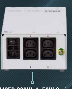
REMOED 300VA A-50W Series Isolation Transformer
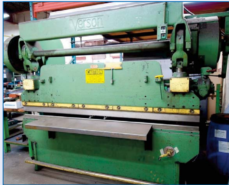
VERSON PRESS BRAKE, 8' X 1/8" CAP., S/N 6799-2078
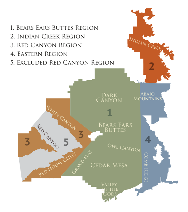
Map 1. Five regions with scientifically important paleontological resources in Bears Ears National Monument.

All of the areas of Bears Ears contain scientifically invaluable paleontological resources, and thus justify the existing boundaries. Furthermore, the area at the western end that is currently excluded also contains significant scientific resources and deserves to be added to the monument. To justify this point, we have divided the monument into five regions ( Map 1 ), each with a broadly similar geology, and describe the resources in each area.
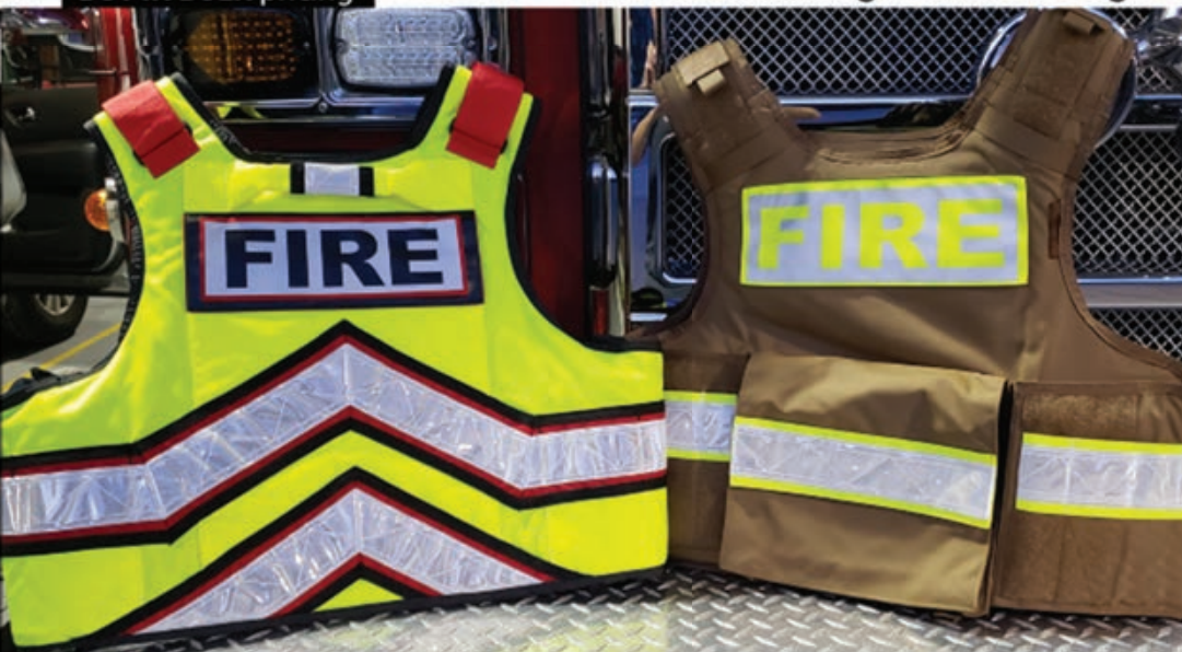
Fire Ninja PROTECTOR Level IIIA soft armor ballistic Carrier with multiple plate options

The Fire Ninja PROTECTOR Universal Plate Carrier is designed around the most demanding conditions that Fire / Rescue, EMS and Law Enforcement have to face every day. The PROTECTOR design is a one size fits most, the oversize cummerbund has 3 points of expansion to fit a broader range of users and offers the best side coverage in the industry. The PROTECTOR will accommodate all sizes of optional hard armor rifle plates, Level III & IV in the front and back affording better coverage for the user based on body size.
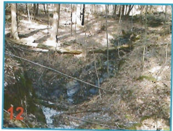
HydroQuest Photocomposite 2
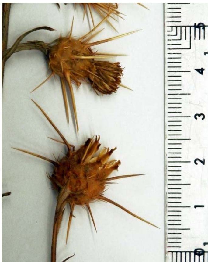
Figure 2. Centaurea solstitialis L.: Detail of specimen BCN 43603.

This species is not listed by Devesa & López (2013) for the Balearic archipelago. The dot in the map by Font & Vigo (2008) is based on this specimen without further comments. The voucher specimen is undoubtedly referable to C. solstitialis by its subglabrous or puberulent bracts, with the apical spine up to 16 mm long (Figure 2).
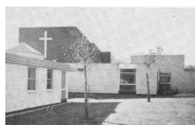
Hawkesley Anglican / Methodist

1st & 3rd Sundays: Holy Communion 2nd/4th/5th Sundays: Morning Worship For All
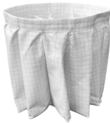
ANT M Antistatic filter (M class EN 60335-2-69)
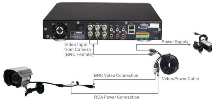
Fig. 1: Simple CCTV with Wire System (Kim, 2009)
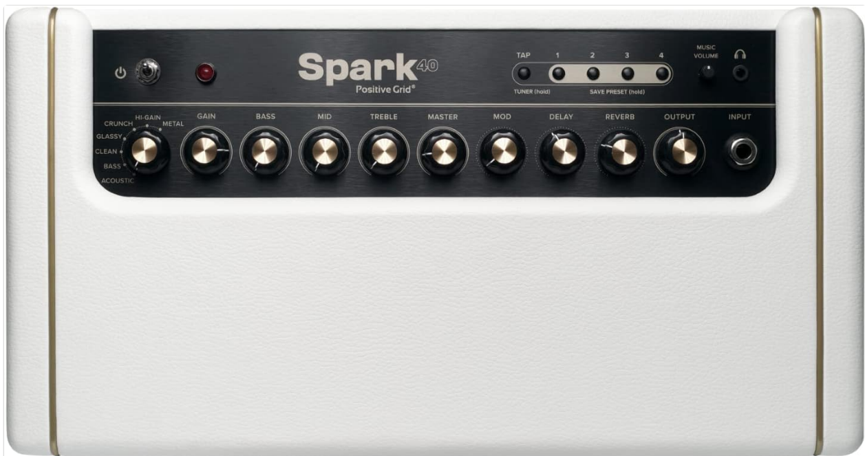
Image: Close-up of the Spark Pearl's top panel, detailing the controls for gain, EQ, effects, volume, and input jacks.

The top panel features controls for amplifier settings and input/output connections:
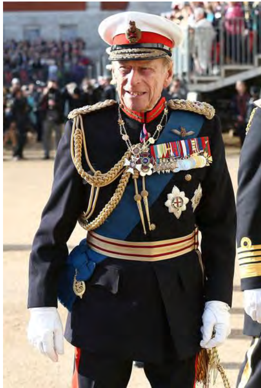
Prince Philip served as Captain-General of the Royal Marines for 64 years from 1953 to 2017

As an aside, Club Membership records describe Prince Philip's occupation as "retired" and address as "Buckingham Palace, London".
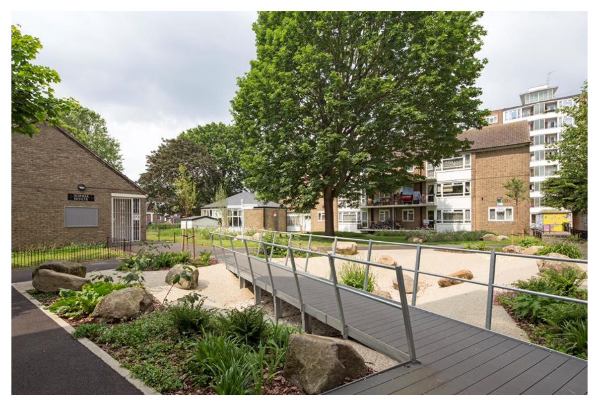
Fig 5 Queen Caroline Schotterasen gravel garden, adjacent to Adella House, and permeable paving and composite deck
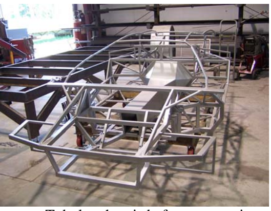
Tubular chassis before suspension
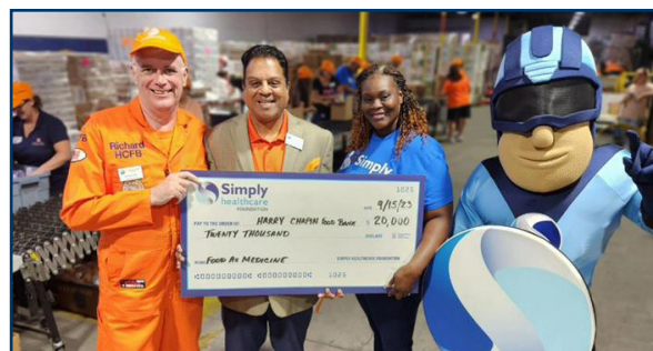
Simply Healthcare Presenting HCFCB with a $20,000 Gift
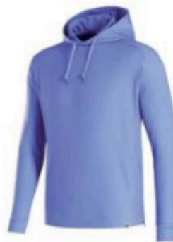
Additional Men Jacket $ 80 .00
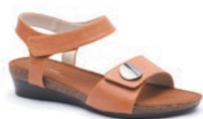
HAPPY Multi Pebble, Pewter, White, Tan $159.95
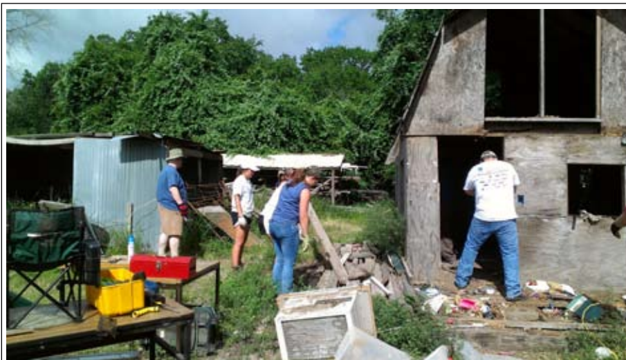
St. Peter's members tore down a building on the property of Halter, Inc., an equestrian therapy organization for children with disabilities and at-risk teens. The group took time out to relocate a mother opossum and her babies before demolishing the building.

In addition to Church Without Walls, St. Peter's has a monthly mission focus, collects food for a food pantry on the first Sunday of each month, sponsors a group of students and adults who do home repairs through U.M. ARMY and is involved in a variety of international missions in countries such as Jamaica, Ecuador, Honduras and Guatemala.
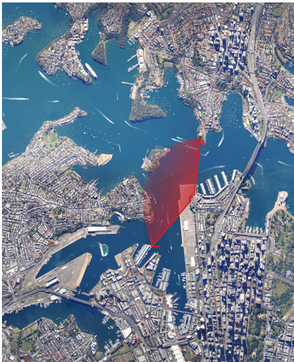
Diagram showing existing indicative view from Millers Point with Harbour context
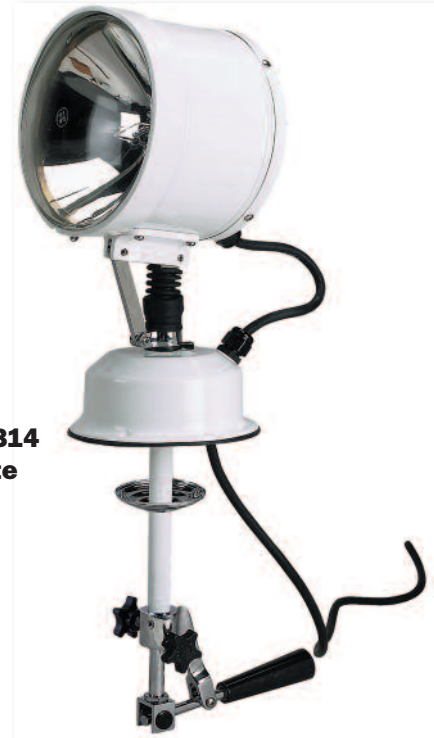
Fig. 0314 White
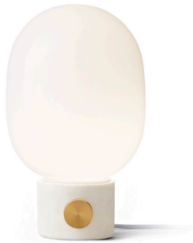
Light Grey/Brass 1800129
+ + +
Locate the line containing "1st & 3rd Sundays: Holy" in the material above, then repeat it and every later line exactly, with no pictures.

## EXERCISE RESULT
1st & 3rd Sundays: Holy Communion 2nd/4th/5th Sundays: Morning Worship For All
ANT M Antistatic filter (M class EN 60335-2-69)
Fig. 1: Simple CCTV with Wire System (Kim, 2009)
Image: Close-up of the Spark Pearl's top panel, detailing the controls for gain, EQ, effects, volume, and input jacks.

The top panel features controls for amplifier settings and input/output connections:
Prince Philip served as Captain-General of the Royal Marines for 64 years from 1953 to 2017

As an aside, Club Membership records describe Prince Philip's occupation as "retired" and address as "Buckingham Palace, London".
Fig 5 Queen Caroline Schotterasen gravel garden, adjacent to Adella House, and permeable paving and composite deck
Tubular chassis before suspension
Simply Healthcare Presenting HCFCB with a $20,000 Gift
Additional Men Jacket $ 80 .00
HAPPY Multi Pebble, Pewter, White, Tan $159.95
St. Peter's members tore down a building on the property of Halter, Inc., an equestrian therapy organization for children with disabilities and at-risk teens. The group took time out to relocate a mother opossum and her babies before demolishing the building.

In addition to Church Without Walls, St. Peter's has a monthly mission focus, collects food for a food pantry on the first Sunday of each month, sponsors a group of students and adults who do home repairs through U.M. ARMY and is involved in a variety of international missions in countries such as Jamaica, Ecuador, Honduras and Guatemala.
Diagram showing existing indicative view from Millers Point with Harbour context
Fig. 0314 White
Light Grey/Brass 1800129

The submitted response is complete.